====== Available records

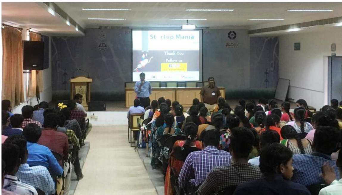
Road Show about Startup Mania to students
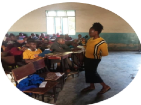
Entrepreneurship Training and Motivation
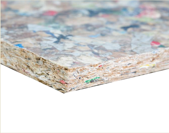
Recoma design board with visible raw material
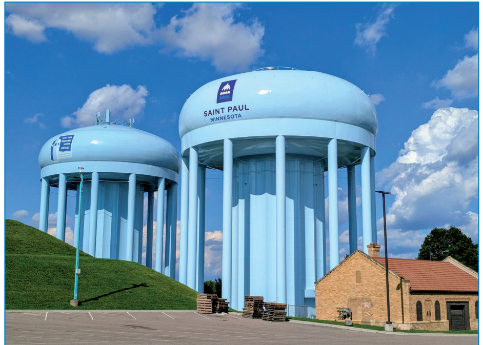
The blue Highland water towers #2 and #3 now sport fresh paint and SPRWS and City of Saint Paul logos.

maintenance like this extends the life of critical infrastructure and helps ensure continued delivery of safe, high-quality water. The upgraded coating system protects the steel surfaces from corrosion, while the safety improvements bring the tower up to current standards.
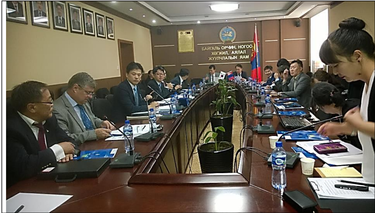
The kick-off workshop in the Ministry of environment, green development and tourism of Mongolia

The objective of the workshop was to initiate the Mongolian Water Project and to evaluate the current water management practices in Mongolia and to recommend the Implementation Plan to raise up the efficiency based on WEF nexus approach. The evaluation and recommendation for the Mongolian water management plan will be carried out on the basis of the National Water Program until 2030, linking with the international development agendas such as SDGs and Paris Declaration.
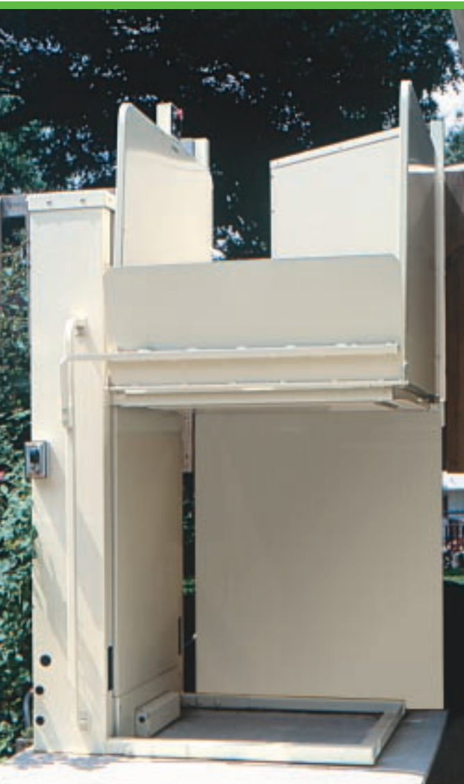
While the lift is in motion, the ramp folds. Once it arrives at a lower landing, one side will lower, allowing easy access.
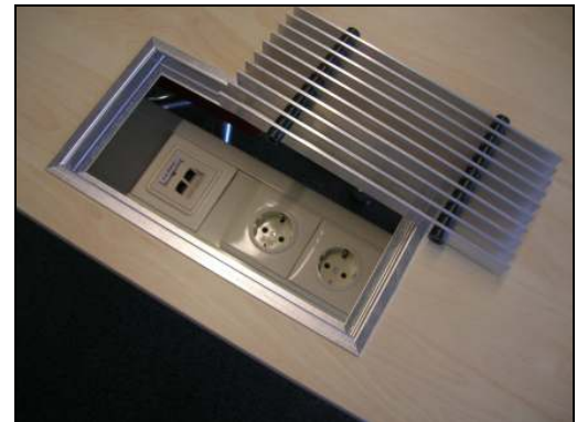
Table Power and Ethernet Acces
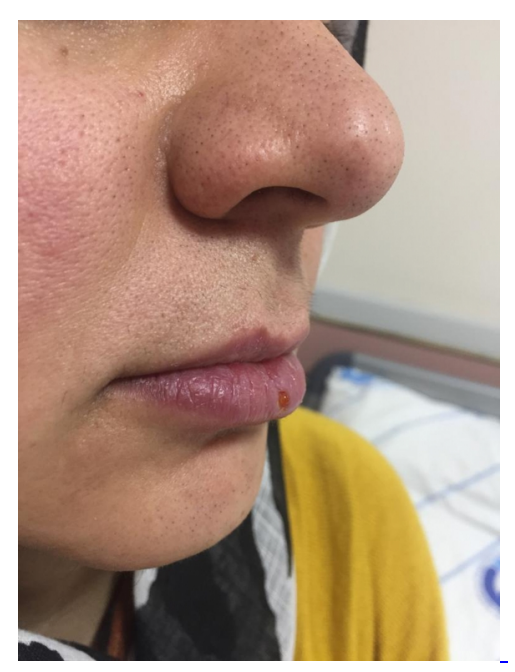
Figure 2 Image of decreased swelling on the 5th day of treatment
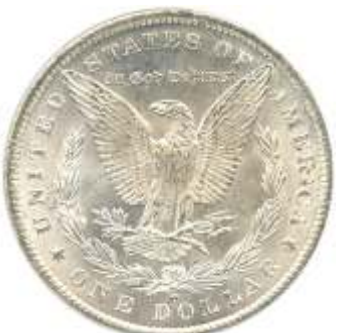
23 1885-O Morgan Dollar. NGC graded MS63. Greysheet $77, CPG $104. Estimate $60 - 80
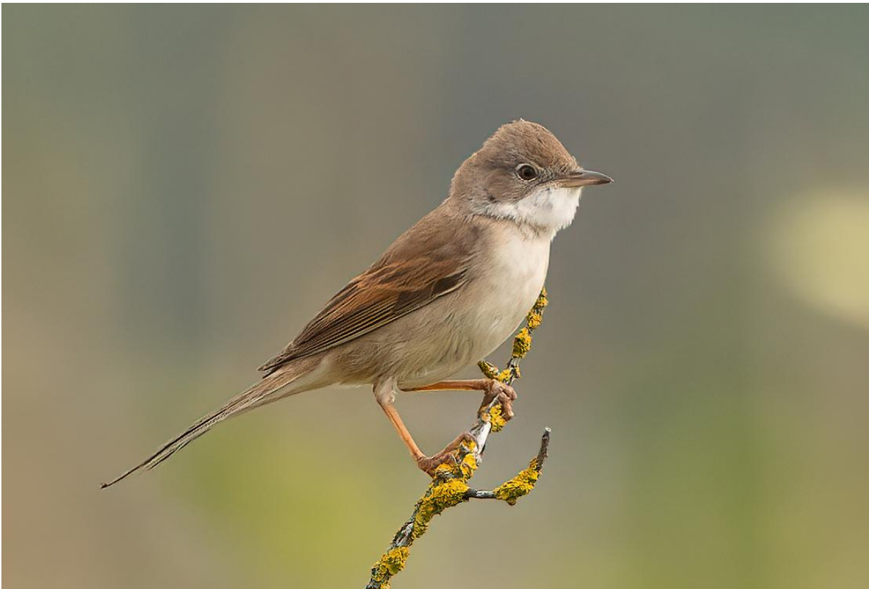
Whitethroat.
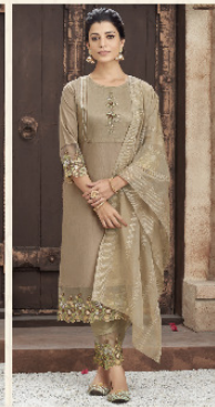
SHAK - 65
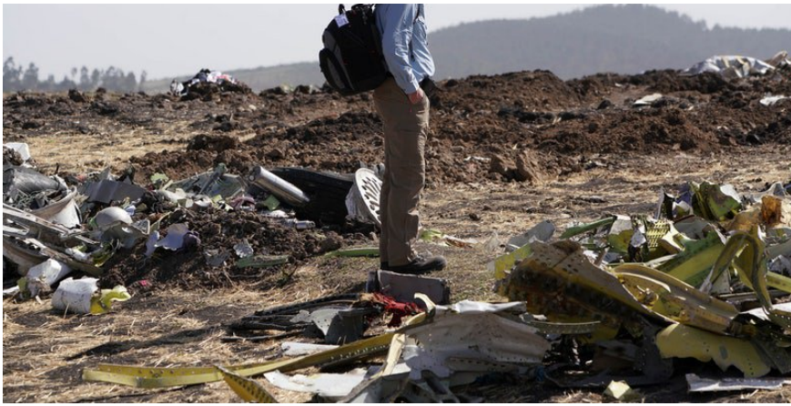
An investigator with the U.S. National Transportation and Safety Board (NTSB) looks over debris at the crash site of Ethiopian Airlines Flight ET 302 on March 12, 2019 in Bishoftu, Ethiopia.

You can say that a fatal design flaw killed all these people, but that’s actually just another way of saying that money did. It’s hard to square the Boeing behind that powerful beast with the subject of the awe-inspiring PBS series. With the crippling recession of the early ’90s an ever-present source of stress for Boeing managers back then, the company nevertheless marshaled $5 billion and 10,000 employees—5,000 engineers and 5,000 machinists, split into a few dozen “design-build” teams inspired by Japanese manufacturing practices—to develop the 777. Roughly $2 billion to $3 billion, in an era of rock-bottom interest rates and record airline profits, was detailed to the 737 MAX. [P] SEP

============

What you will do
Show all lines from the data that contain "with".

Result of this task
Recoma design board with visible raw material
The objective of the workshop was to initiate the Mongolian Water Project and to evaluate the current water management practices in Mongolia and to recommend the Implementation Plan to raise up the efficiency based on WEF nexus approach. The evaluation and recommendation for the Mongolian water management plan will be carried out on the basis of the National Water Program until 2030, linking with the international development agendas such as SDGs and Paris Declaration.
An investigator with the U.S. National Transportation and Safety Board (NTSB) looks over debris at the crash site of Ethiopian Airlines Flight ET 302 on March 12, 2019 in Bishoftu, Ethiopia.
You can say that a fatal design flaw killed all these people, but that’s actually just another way of saying that money did. It’s hard to square the Boeing behind that powerful beast with the subject of the awe-inspiring PBS series. With the crippling recession of the early ’90s an ever-present source of stress for Boeing managers back then, the company nevertheless marshaled $5 billion and 10,000 employees—5,000 engineers and 5,000 machinists, split into a few dozen “design-build” teams inspired by Japanese manufacturing practices—to develop the 777. Roughly $2 billion to $3 billion, in an era of rock-bottom interest rates and record airline profits, was detailed to the 737 MAX. [P] SEP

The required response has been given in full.